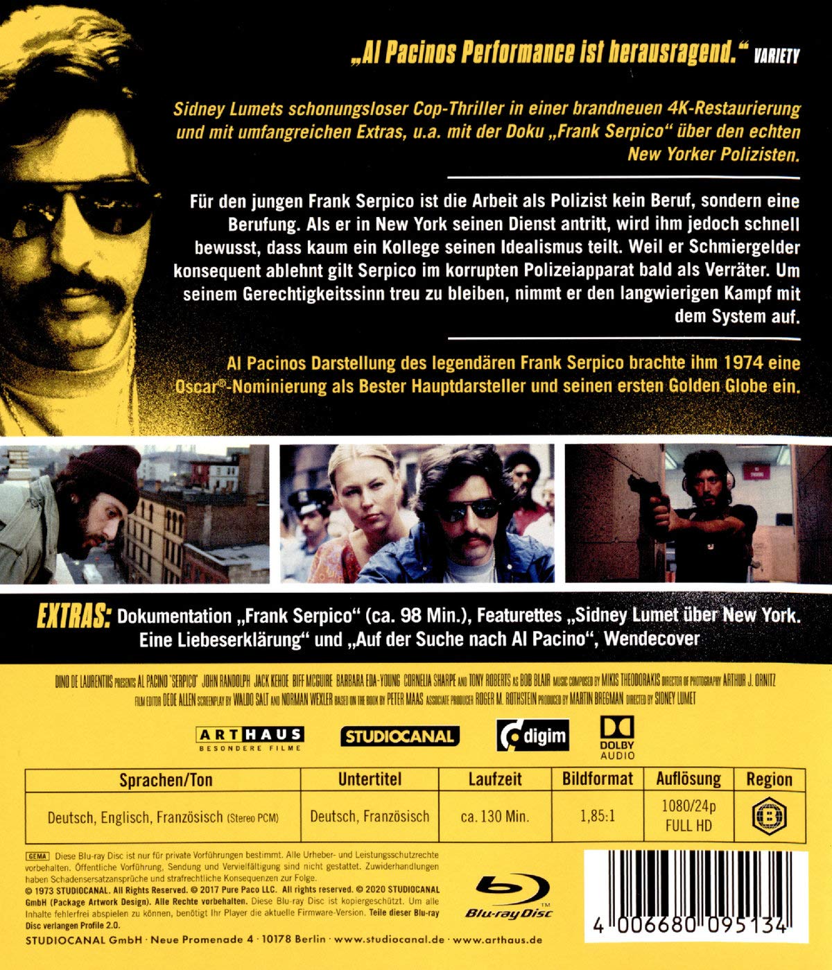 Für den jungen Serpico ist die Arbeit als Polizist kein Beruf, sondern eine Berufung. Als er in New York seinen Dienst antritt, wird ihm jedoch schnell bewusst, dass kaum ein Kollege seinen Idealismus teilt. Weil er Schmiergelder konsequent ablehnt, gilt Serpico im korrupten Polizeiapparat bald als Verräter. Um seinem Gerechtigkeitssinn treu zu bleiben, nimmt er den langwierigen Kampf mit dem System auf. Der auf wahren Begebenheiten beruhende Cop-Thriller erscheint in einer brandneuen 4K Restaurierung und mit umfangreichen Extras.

== == ==

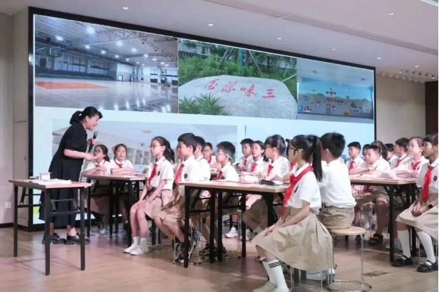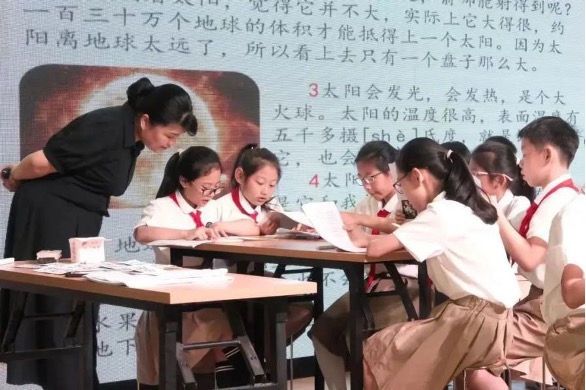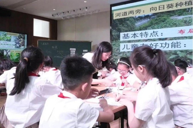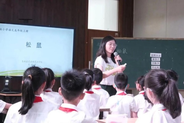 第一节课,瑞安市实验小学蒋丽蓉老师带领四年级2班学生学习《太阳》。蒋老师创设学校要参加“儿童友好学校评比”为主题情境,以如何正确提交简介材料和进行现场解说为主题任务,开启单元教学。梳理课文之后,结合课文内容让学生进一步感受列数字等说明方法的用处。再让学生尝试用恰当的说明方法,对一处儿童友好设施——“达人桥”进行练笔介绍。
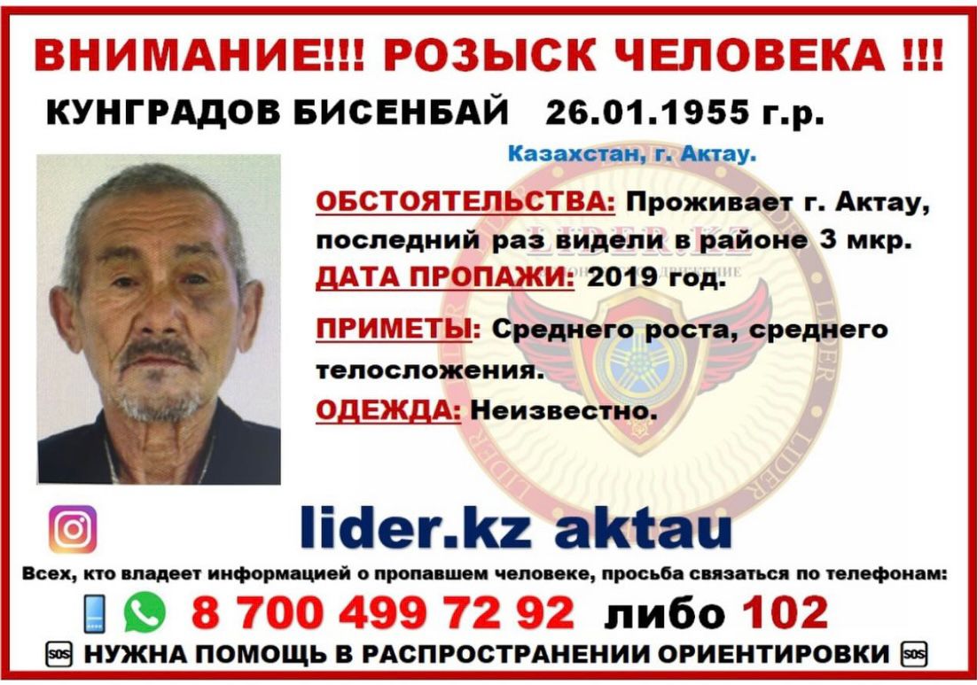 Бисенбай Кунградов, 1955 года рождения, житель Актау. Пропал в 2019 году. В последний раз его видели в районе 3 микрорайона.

== == ==

* _What this task involves_:
Working from the entries above, reproduce exactly and only the lines beginning with the line that has "第一节课,瑞安市实验小学蒋丽" and ending with the line that has "Бисенбай Кунградов, 1955"; omit all pictures.

* _Finished task_:
 第一节课,瑞安市实验小学蒋丽蓉老师带领四年级2班学生学习《太阳》。蒋老师创设学校要参加“儿童友好学校评比”为主题情境,以如何正确提交简介材料和进行现场解说为主题任务,开启单元教学。梳理课文之后,结合课文内容让学生进一步感受列数字等说明方法的用处。再让学生尝试用恰当的说明方法,对一处儿童友好设施——“达人桥”进行练笔介绍。
 Бисенбай Кунградов, 1955 года рождения, житель Актау. Пропал в 2019 году. В последний раз его видели в районе 3 микрорайона.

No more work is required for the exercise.